Transform Residual K-Means Trees for Scalable Clustering

The K-means problem, i.e., to partition a dataset into K clusters is a fundamental problem common to numerous data mining applications. As it is an NP-hard problem, iterative optimizations are typically used such as the K-means algorithm to compute cluster centers. As the K-means algorithm is exponential both in computation and storage in terms of required bits to encode cluster centers, approaches with low computation and storage complexity have been actively studied both for signal compression under real-time constraints and for clustering of large scale high-dimensional datasets. By generating cluster centers via Cartesian products of cluster centers in multiple groups or multiple stages, product and residual K-means trees reduce computation and storage complexity, making it possible to cluster large scale datasets. As residual K-means trees do not require assumed statistical independence among groups that are required by product K-means trees, they generally give better clustering quality.
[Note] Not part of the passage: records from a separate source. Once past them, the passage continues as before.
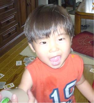 ガムテープを足に突っ込んではずす、腕に突っ込んではずす、 これを延々繰り返すだけ…。( ̄▽ ̄; そして、かめおは数字が大好きなので、今度はおもちゃの「せんせい」に数字を書いて じんこちゃんが「いーち、にーい、さーん、・・・」と数字を書きながら読み上げ 「さんじゅー!」って万歳すると、これまたかめおも一緒に数えながらキャッキャ喜んだんですが さあ、始まった、始まった、 2才児の 「100万回リピート要求」。 まあ、じんこちゃんはざっと1万くらいは数えたでしょうか、延々1から30までを 繰り返し、繰り返し、繰り返し、数えさせられてました(笑)。 今年のお正月に会った時は、まだまだ赤ちゃんだったのに、 いまや姉ちゃんたちのトランプゲームにオムツから横チンを見せながら 参加したがるまでに成長した子猿…、いや、かめお(笑)。 次に会うのはお正月。 さて、どんな変貌振りをおばちゃんたちに見せてくれるのでしょう。 じんこちゃん、大変お疲れさまでした(笑)。 カヨちゃん、お腹にかめおのキックが入らないように気を付けてネ〜(笑)。 ままごん、夜のプロレス、老体にムチ打って頑張ってね〜(笑)。 |
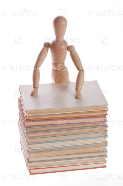 Стопка книг и деревянный человечек на белом фоне
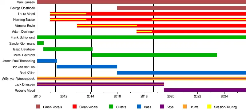 In 2015, Rob van der Loo left the band to focus on Epica and an upcoming new project. Roel Käller took his place as the bassist. Next to that, George Oosthoek (ex-Orphanage) joined the band as growling vocalist. On 21 June 2017, it was announced that Marcela Bovio, former singer of Stream of Passion and a regular collaborator of the band since 2013, was now a full-time member.[6][7][8]

A known limitation of residual K-means trees is that the gain diminishes with added stages. In this paper, by identifying increased intrinsic dimensions of residual vectors with more stages as a limiting factor of performance due to the curse of dimensionality, we propose transform residual K-means trees as a generalization by applying cluster specific transforms to increase the correlations of residual vectors. Our methods substantially reduce the increase of intrinsic dimensions and therefore increase the effectiveness of multiple-stage residual Kmeans trees. Experimental and comparative results using widely used datasets show our methods give the best performance among all scalable methods. Furthermore, our methods enable effective super-clustering learning and provide scalable solutions to duplicate detection and other data mining problems.